If an outward and visible sign of Mr. Lincoln's greatness were needed,--he had chosen to speak to them in homely parables. The story of Farmer Bell was plain as day. Jim Rickets, who had life all his own way, was none other than Stephen A. Douglas, the easily successful. The ugly galoot, who dared to raise his eyes only to the pear, was Mr. Lincoln himself. And the pear was the Senatorship, which the galoot had denied himself to save Susan from being Mr. Rickets' bride.
Stephen could understand likewise the vehemence of the Republican leaders who crowded around their candidate and tried to get him to retract that Question. He listened quietly, he answered with a patient smile. Now and then he threw a story into the midst of this discussion which made them laugh in spite of themselves. The hopelessness of the case was quite plain to Mr. Hill, who smiled, and whispered in Stephen's ear: "He has made up his mind. They will not budge him an inch, and they know it."
Finally Mr. Lincoln took the scrap of paper, which was even more dirty and finger-marked by this time, and handed it to Mr. Hill. The train was slowing down for Freeport. In the distance, bands could be heard playing, and along the track, line upon line of men and women were cheering and waving. It was ten o'clock, raw and cold for that time of the year, and the sun was trying to come out.
"Bob," said Mr. Lincoln, "be sure you get that right in your notes. And, Steve, you stick close to me, and you'll see the show. Why, boys," he added, smiling, "there's the great man's private car, cannon and all."
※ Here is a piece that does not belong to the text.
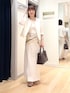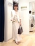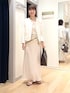 ▶︎ ラッセルリングカーデジャケット ワンサイズです コンパクトな見た目なのに腕周りは柔らかく着心地が良くて、 二の腕部分も中に長袖を重ねてもごわつかないです 小柄な身長の方でも着られている感が出ない、優秀なシルエットです ボタンの配置が凝っていて、幅狭めに上の方に付いていて 下は抜け感がでるバランスなので 羽織るだけで重心が上がって見えてスタイルアップします✨ ▶︎カップ付ワンショルタンクトップ ワンサイズ、ピタッとフィット感のあるタンクトップです 胸元もゆるく開かずにとても安心感があります 前が斜めに(左右アシンメトリーに)なっているので シャツやジャケットから見せてもおしゃれです オフショルダーなど肩を出したいトップスにも◎ ▶︎ ウォッシャブルダブルサテンナロースカート 38サイズ着用 ツヤのきれいな生地を使用したなめらかなロングスカートです 広がりすぎないすっきりシルエットで腰回りや下半身がすっきり細見えします✨ ウエストにゴムが通っていて楽な履き心地で ポリエステルのため水洗い可、しわにもなりにくく 大人カジュアルなコーデにもおすすめです

All that Stephen saw was a regular day-car on a sidetrack. A brass cannon was on the tender hitched behind it.
CHAPTER V. THE CRISIS
Stephen A. Douglas, called the Little Giant on account of his intellect, was a type of man of which our race has had some notable examples, although they are not characteristic. Capable of sacrifice to their country, personal ambition is, nevertheless, the mainspring of their actions. They must either be before the public, or else unhappy. This trait gives them a large theatrical strain, and sometimes brands them as adventurers. Their ability saves them from being demagogues.
In the case of Douglas, he had deliberately renewed some years before the agitation on the spread of slavery, by setting forth a doctrine of extreme cleverness. This doctrine, like many others of its kind, seemed at first sight to be the balm it pretended, instead of an irritant, as it really was. It was calculated to deceive all except thinking men, and to silence all save a merciless logician. And this merciless logician, who was heaven-sent in time of need, was Abraham Lincoln.
Mr. Douglas was a juggler, a political prestidigitateur. He did things before the eyes of the Senate and the nation. His balm for the healing of the nation's wounds was a patent medicine so cleverly concocted that experts alone could show what was in it. So abstruse and twisted were some of Mr. Douglas's doctrines that a genius alone might put them into simple words, for the common people.